Pursuing economic and political reform by imitating a foreign model, however, turned out to have steeper moral and psychological downsides than many had originally expected.

The imitator’s life inescapably produces feelings of inadequacy, inferiority, dependency, lost identity, and involuntary insincerity. Indeed, the futile struggle to create a truly credible copy of an idealized model involves a never-ending torment of self-criticism if not self-contempt.

 

What makes imitation so irksome is not only the implicit assumption that the mimic is somehow morally and humanly inferior to the model. It also entails the assumption that central and eastern Europe’s copycat nations accept the West’s right to evaluate their success or failure at living up to Western standards.

In this sense, imitation comes to feel like a loss of sovereignty.

Thus, the rise of authoritarian chauvinism and xenophobia in central and eastern Europe has its roots not in political theory, but in political psychology. It reflects a deep-seated disgust at the post-1989 ‘imitation imperative’, with all its demeaning and humiliating implications. 

Michael Brenner is about the only analyst I’ve seen in all the commentaries on the war in Ukraine to develop this theme of humiliation.

Krastev and Holmes’ Eurozine article goes on make a second crucial point of huge cultural significance – 

In the eyes of conservative Poles in the days of the Cold War, western societies were normal because, unlike communist systems, they cherished tradition and believed in God. Then suddenly Poles discovered that western ‘normality’ today means secularism, multiculturalism and gay marriage. Should we be surprised that Poles and their neighbours felt ‘cheated’ when they found out that the society they wanted to imitate had disappeared, washed away by the swift currents of modernization?

 

If, in the immediate aftermath of 1989, ‘normality’ was understood largely in political terms (free elections, separation of powers, private property, and the right to travel), during the last decade normality has increasingly come to be interpreted in cultural terms. As a result, Central and East Europeans are becoming mistrustful and resentful of norms coming from the West. Ironically, as we shall see below, eastern Europe is now starting to view itself as the last bastion of genuine European values.

 

In order to reconcile the idea of ‘normal’ (meaning what is widespread at home) with what is normatively obligatory in the countries they aim to imitate, eastern Europeans consciously or unconsciously have begun to ‘normalize’ the model countries, arguing that what is widespread in the East is also prevalent in the West, even though westerners hypocritically pretend that their societies are different.
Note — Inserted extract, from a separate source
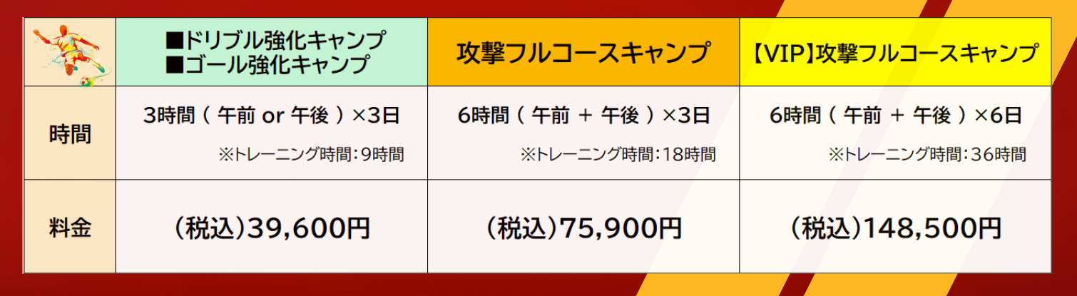 【ドリブル強化キャンプ ・ ゴール強化キャンプ|プラン】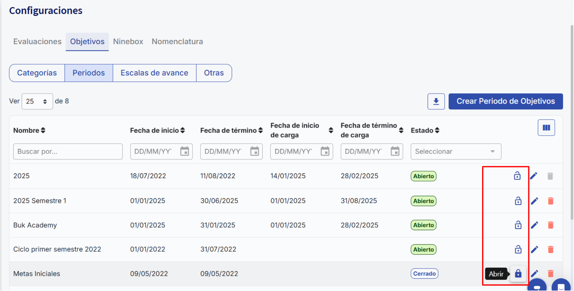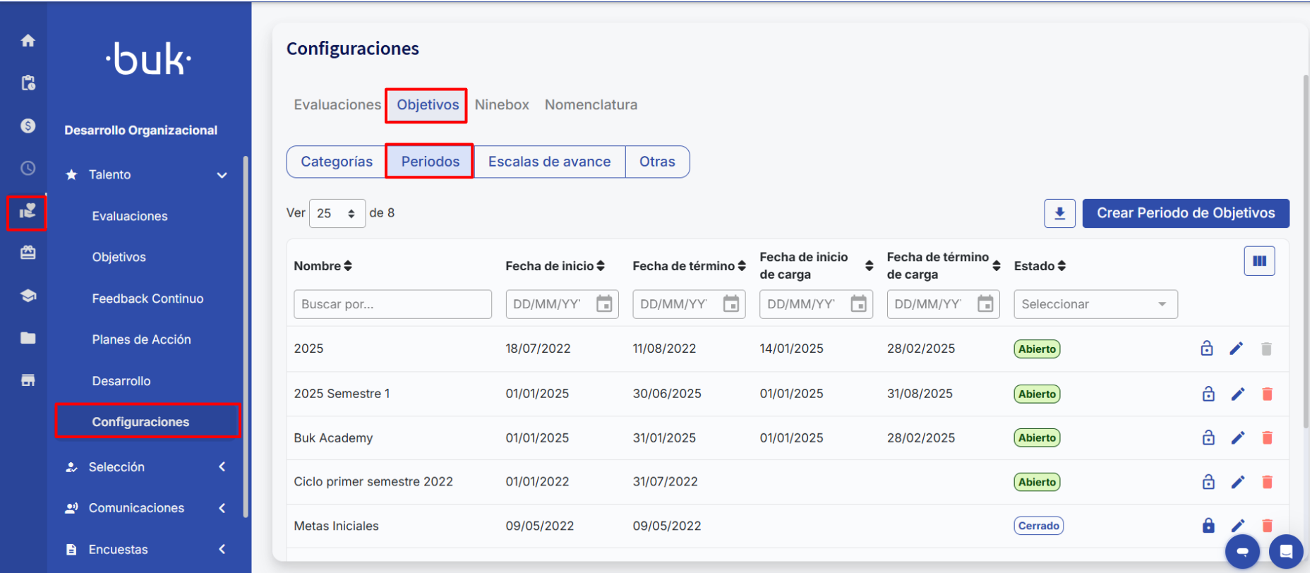 Períodos de Objetivo

Eastern Europeans often relieve their normative dissonance – say, between paying bribes to survive in the East and fighting corruption to be accepted in the West – by concluding that the West is really just as corrupt as the East, but westerners are simply in denial and hiding the truth. 

And this article by a Czech assesses not only Krastev’s argument but those contained in the books I mentioned in an earlier post - first one by Anne Applebaum (“The Twilight of Democracy?”) and the other by Timothy Snyder in whose “The Road to Unfreedom” (2018) we find a full exposition of Putin’s hero, the nationalist Ivan Ilyin.

And this article from an erstwhile hawk is also important in suggesting that the West, having done too little to oppose Russia risks going to the other extreme.